**Dataset records**
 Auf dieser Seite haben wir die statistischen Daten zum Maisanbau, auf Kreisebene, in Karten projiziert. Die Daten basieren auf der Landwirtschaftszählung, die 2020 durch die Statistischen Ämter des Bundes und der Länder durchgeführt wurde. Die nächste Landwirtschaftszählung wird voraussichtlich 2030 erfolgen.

* * *

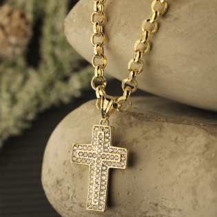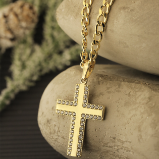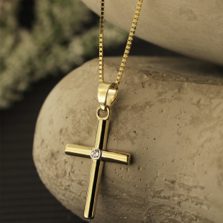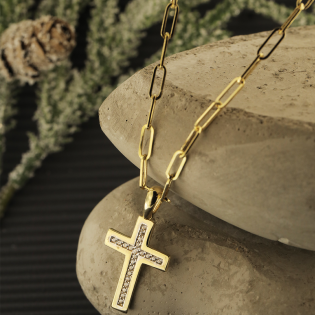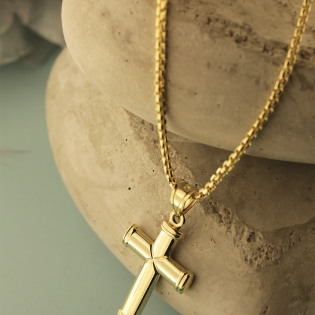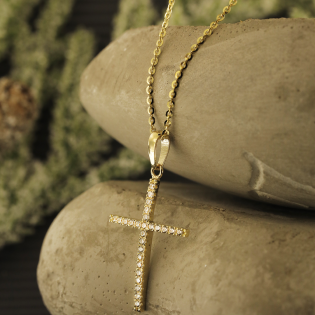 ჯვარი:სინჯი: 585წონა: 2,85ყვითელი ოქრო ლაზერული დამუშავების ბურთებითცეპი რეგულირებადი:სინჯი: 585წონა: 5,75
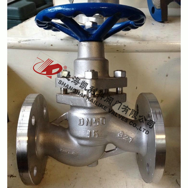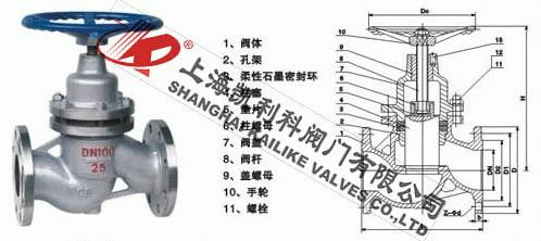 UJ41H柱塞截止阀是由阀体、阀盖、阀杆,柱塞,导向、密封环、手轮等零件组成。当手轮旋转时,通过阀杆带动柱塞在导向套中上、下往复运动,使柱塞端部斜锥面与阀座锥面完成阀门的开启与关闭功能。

**Task instructions**
Above are some entries; copy exactly the lines from the line with "ჯვარი:სინჯი: 585წონა: 2,85ყვითელი" through the line with "UJ41H柱塞截止阀是由阀体", both included, but none of the pictures.

**Response**
 ჯვარი:სინჯი: 585წონა: 2,85ყვითელი ოქრო ლაზერული დამუშავების ბურთებითცეპი რეგულირებადი:სინჯი: 585წონა: 5,75
 UJ41H柱塞截止阀是由阀体、阀盖、阀杆,柱塞,导向、密封环、手轮等零件组成。当手轮旋转时,通过阀杆带动柱塞在导向套中上、下往复运动,使柱塞端部斜锥面与阀座锥面完成阀门的开启与关闭功能。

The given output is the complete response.